Micro-scale mismatches of electrically conductive and mechanically resilient regimes in Li-variant sulfide conductors

Abstract

Li-ion-conductive sulfide electrolytes have attracted significant attention with regard to the development of superior solid-state batteries owing to their high ionic conductivity and ductile mechanical properties. Nevertheless, the relationship between the variations in Li content resulting from extraction and insertion in sulfide electrolytes and their subsequent influence on the electrochemical and mechanical properties remains unelucidated. In this study, we simulated the electrochemical operating conditions of glass sulfides through experimental and computational methods. Our investigation focused on the microscale reversibility of their electrochemical and mechanical properties.
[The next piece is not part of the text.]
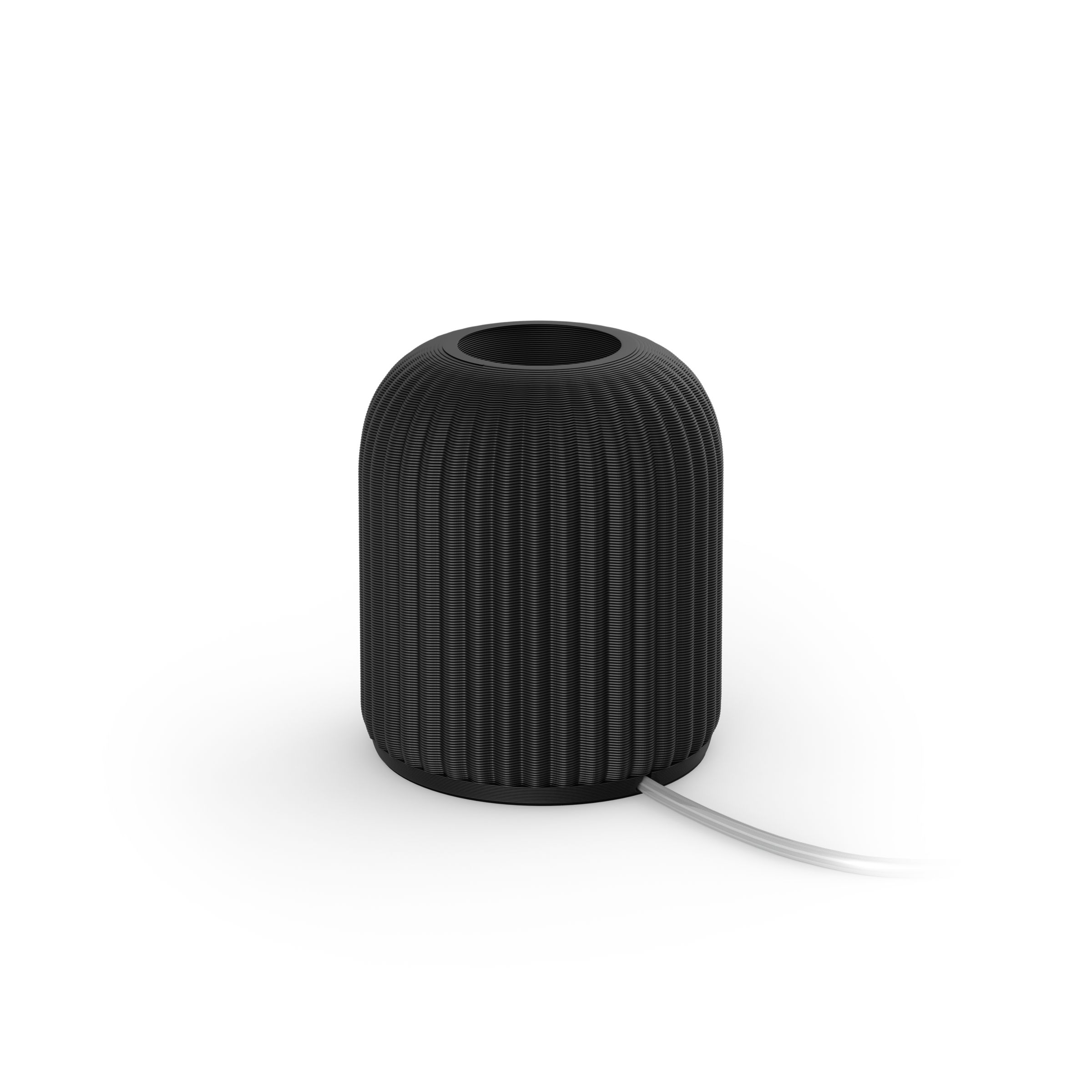 Specially made for Lightguide bulbs, this table lamp has been 3D-printed with a unique corrugated texture and glossy black finish.

In Li-variant glass sulfides, (Li₂S)_0.75(1−x)(P₂S₅)_0.25S_0.75x, we demonstrated that 50% Li deficiency induced polymerization, resulting in a 98% decrease in Li-ion conductivity. Furthermore, we posit that changes in the mechanical properties of solid electrolytes during plastic deformation can be evaluated using Pugh’s ratio. In the case of Li deficiency, the Pugh’s ratio is reduced by 24%, and the solid electrolyte becomes extremely brittle. Interface deterioration in solid-state batteries is accelerated by the irreversible elastic hardening resulting from delithiation and polymerization of solid electrolytes during continuous electrochemical cycling. These evaluation approaches, which are based on Li-variant glass sulfides, afford guidelines for designing electrolytes suitable for cathodes.